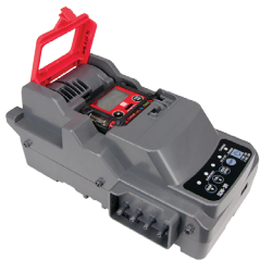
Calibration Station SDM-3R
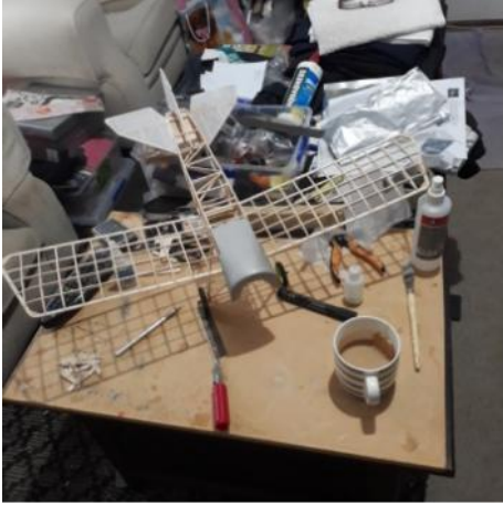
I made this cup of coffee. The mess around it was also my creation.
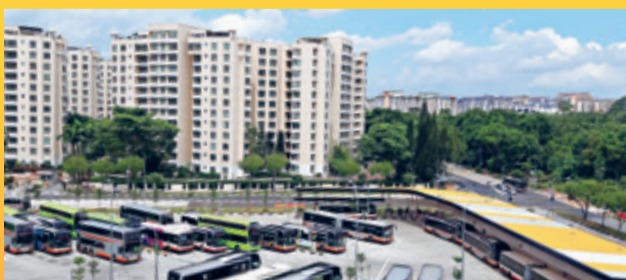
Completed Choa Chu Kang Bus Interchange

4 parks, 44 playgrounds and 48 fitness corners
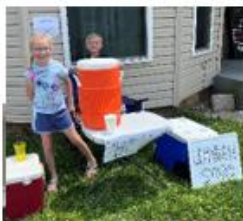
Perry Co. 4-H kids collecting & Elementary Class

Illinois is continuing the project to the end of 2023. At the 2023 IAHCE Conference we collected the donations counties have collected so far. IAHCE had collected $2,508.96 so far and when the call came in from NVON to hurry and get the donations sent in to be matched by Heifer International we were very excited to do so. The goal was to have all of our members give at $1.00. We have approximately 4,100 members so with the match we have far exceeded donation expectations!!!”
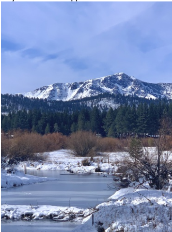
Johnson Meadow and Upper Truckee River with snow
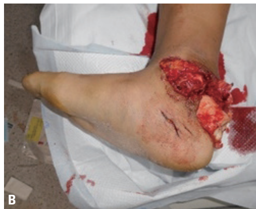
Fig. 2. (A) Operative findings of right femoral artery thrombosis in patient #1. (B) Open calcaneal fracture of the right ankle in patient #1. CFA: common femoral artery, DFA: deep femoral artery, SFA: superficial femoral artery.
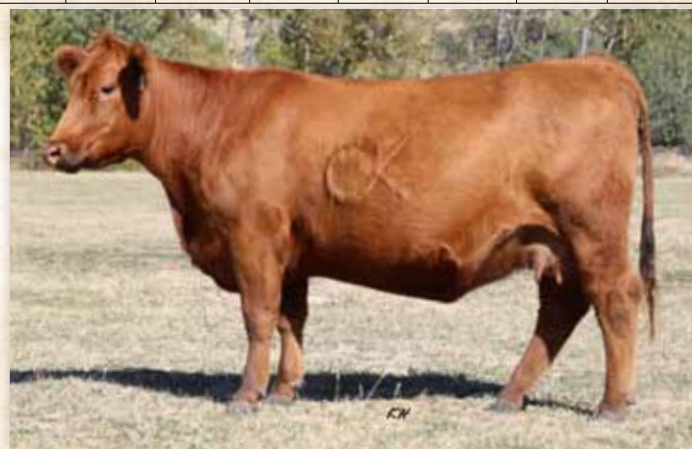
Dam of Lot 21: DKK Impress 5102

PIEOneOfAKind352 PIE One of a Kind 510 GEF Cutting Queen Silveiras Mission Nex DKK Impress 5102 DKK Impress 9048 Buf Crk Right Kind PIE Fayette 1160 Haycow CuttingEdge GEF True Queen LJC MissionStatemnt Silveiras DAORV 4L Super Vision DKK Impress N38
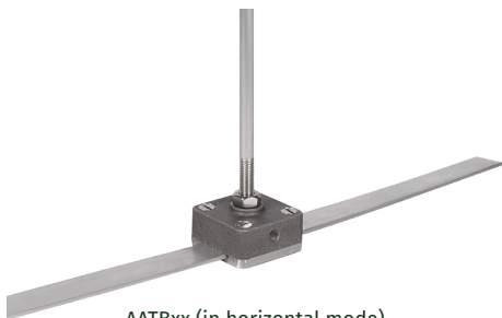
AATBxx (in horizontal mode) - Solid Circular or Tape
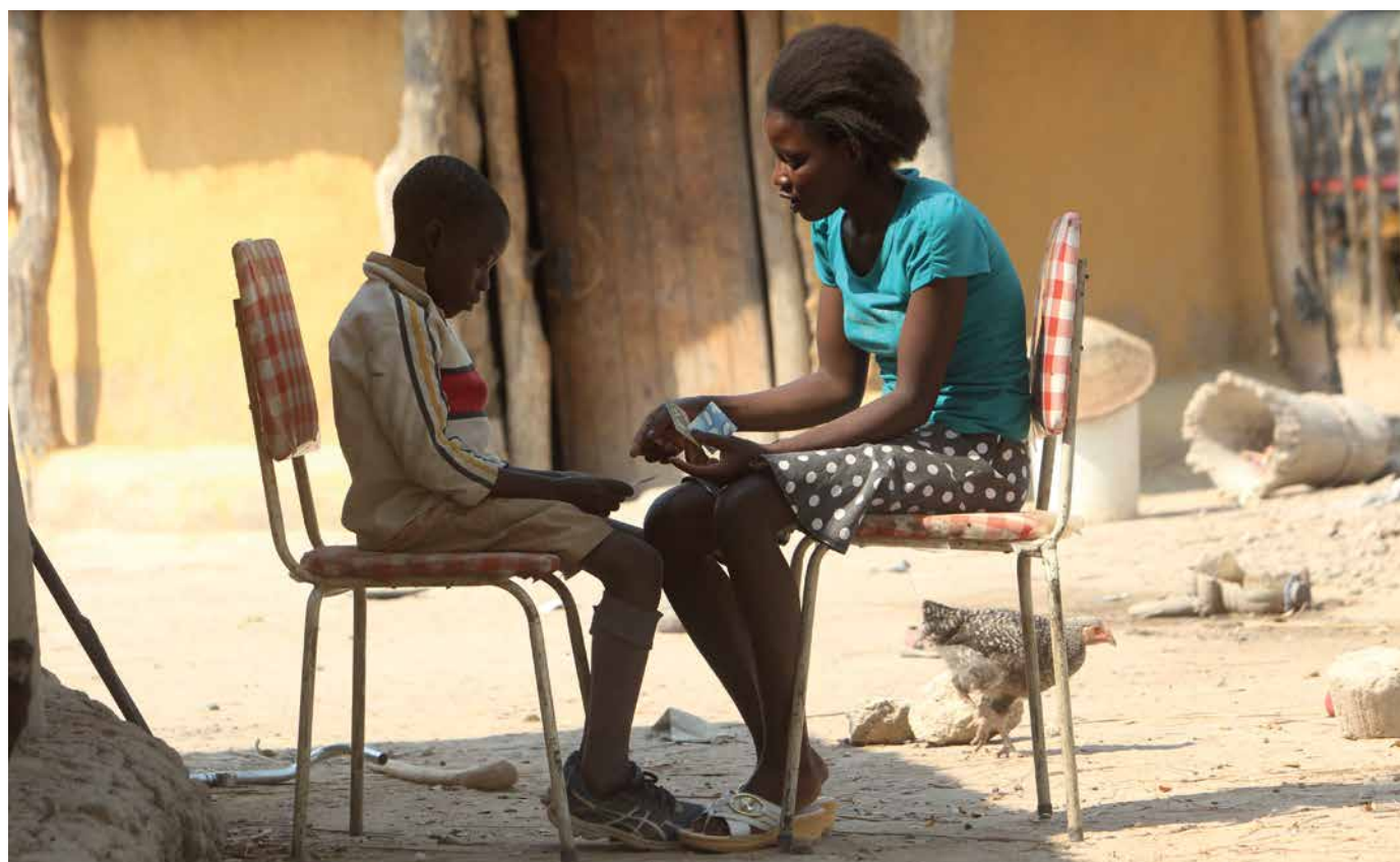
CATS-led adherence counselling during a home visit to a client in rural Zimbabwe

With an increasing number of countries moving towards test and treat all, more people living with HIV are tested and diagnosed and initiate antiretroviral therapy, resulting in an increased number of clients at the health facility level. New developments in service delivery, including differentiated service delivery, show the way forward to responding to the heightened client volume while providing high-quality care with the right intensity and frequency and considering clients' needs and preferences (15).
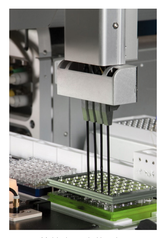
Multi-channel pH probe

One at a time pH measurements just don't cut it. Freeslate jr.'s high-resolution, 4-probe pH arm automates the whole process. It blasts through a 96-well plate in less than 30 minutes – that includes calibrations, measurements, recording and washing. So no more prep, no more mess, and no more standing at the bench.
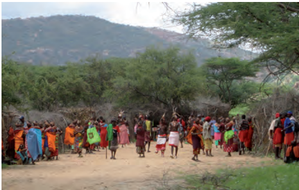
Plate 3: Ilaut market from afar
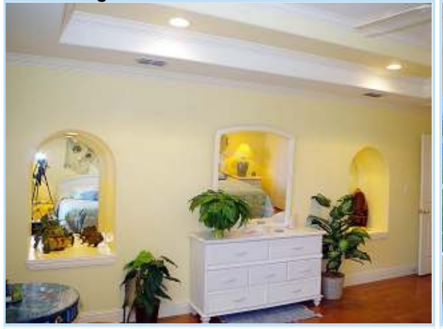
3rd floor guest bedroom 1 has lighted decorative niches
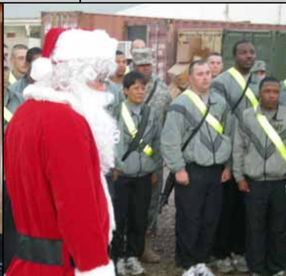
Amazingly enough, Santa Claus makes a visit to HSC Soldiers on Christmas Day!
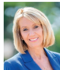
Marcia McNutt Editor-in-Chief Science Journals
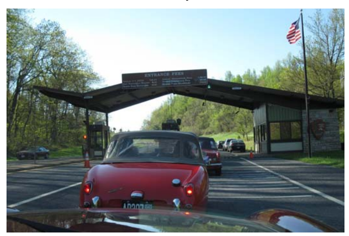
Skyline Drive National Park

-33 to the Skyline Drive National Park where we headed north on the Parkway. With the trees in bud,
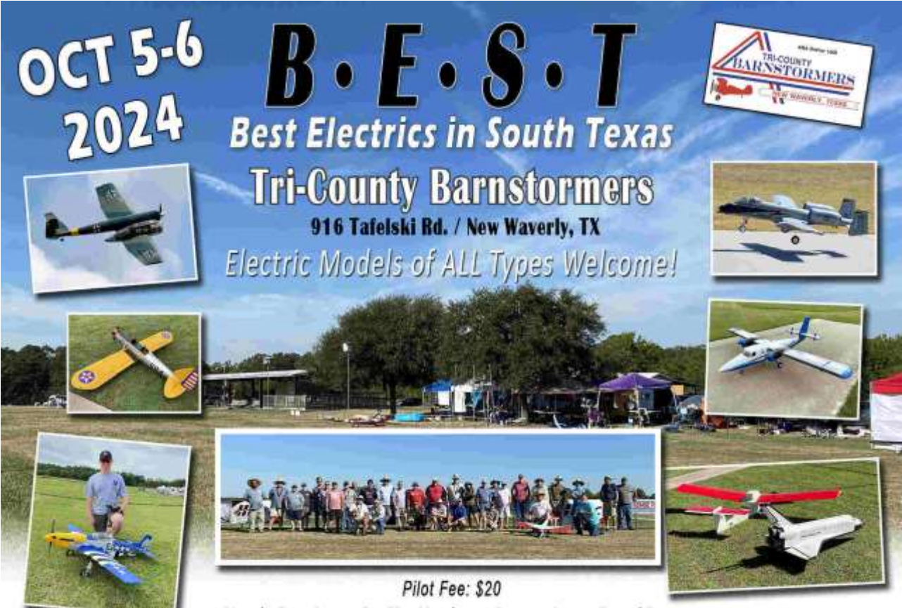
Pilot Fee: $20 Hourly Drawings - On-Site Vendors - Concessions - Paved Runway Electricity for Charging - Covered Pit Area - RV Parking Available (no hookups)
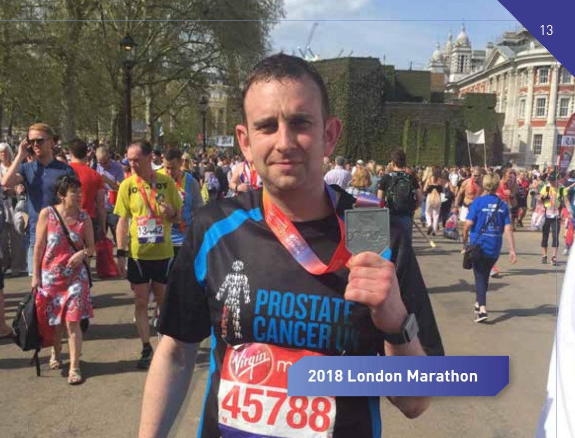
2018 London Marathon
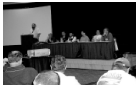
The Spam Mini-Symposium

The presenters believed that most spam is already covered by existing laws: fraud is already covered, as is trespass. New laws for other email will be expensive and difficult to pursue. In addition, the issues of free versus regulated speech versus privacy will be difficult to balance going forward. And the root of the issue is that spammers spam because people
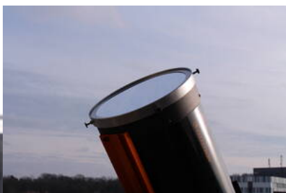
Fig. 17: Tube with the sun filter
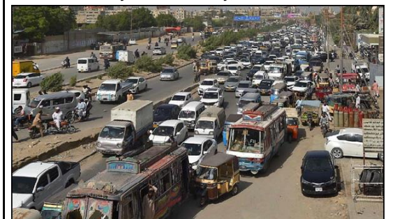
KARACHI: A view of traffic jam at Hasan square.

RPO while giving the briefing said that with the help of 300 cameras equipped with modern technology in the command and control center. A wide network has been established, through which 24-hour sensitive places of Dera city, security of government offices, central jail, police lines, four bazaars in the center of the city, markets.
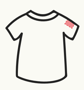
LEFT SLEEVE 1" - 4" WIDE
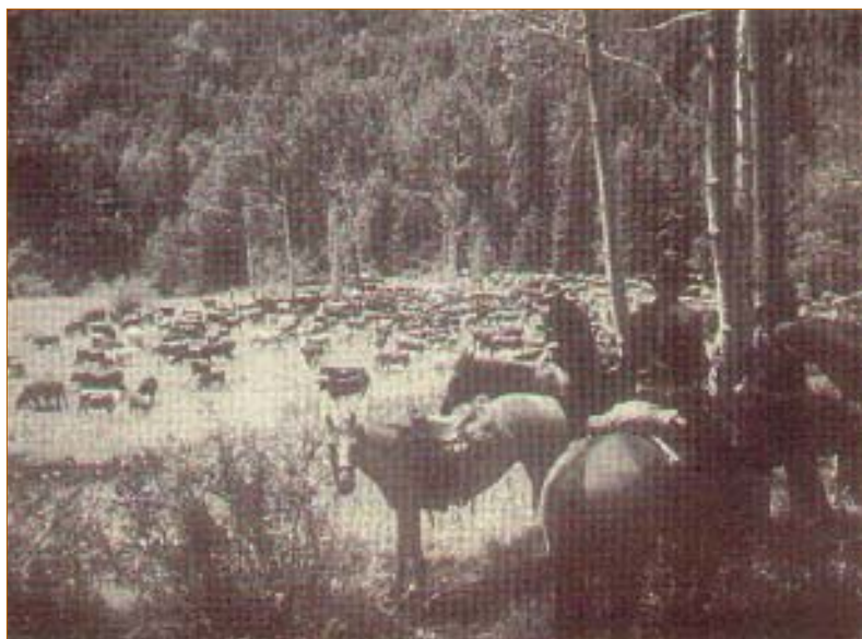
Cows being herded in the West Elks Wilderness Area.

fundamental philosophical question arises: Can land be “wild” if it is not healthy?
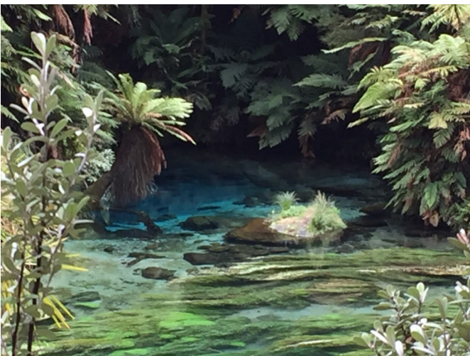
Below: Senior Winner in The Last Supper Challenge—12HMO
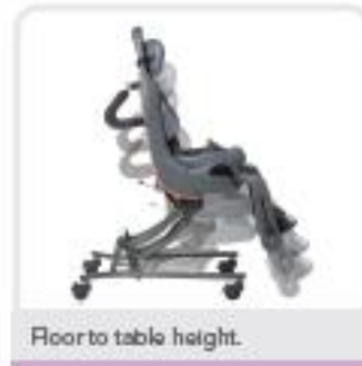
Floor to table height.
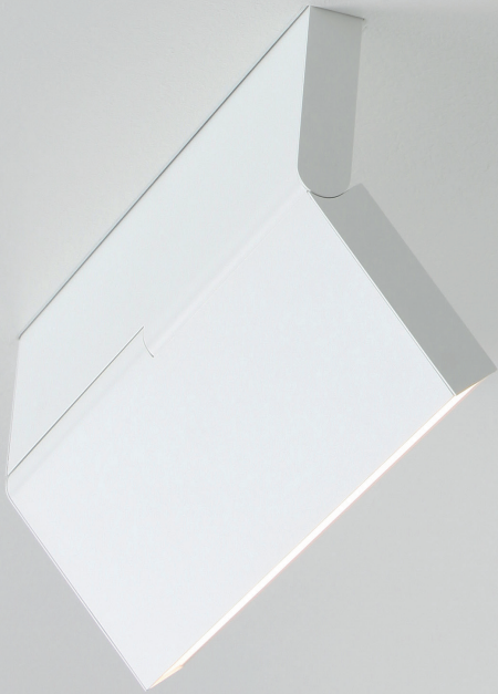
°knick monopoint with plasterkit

▬▬▬

- _REQUIRED WORK_:
Extract every line containing the string "Area" from the material.

- _YOUR SOLUTION_:
Pilot Fee: $20 Hourly Drawings - On-Site Vendors - Concessions - Paved Runway Electricity for Charging - Covered Pit Area - RV Parking Available (no hookups)
Cows being herded in the West Elks Wilderness Area.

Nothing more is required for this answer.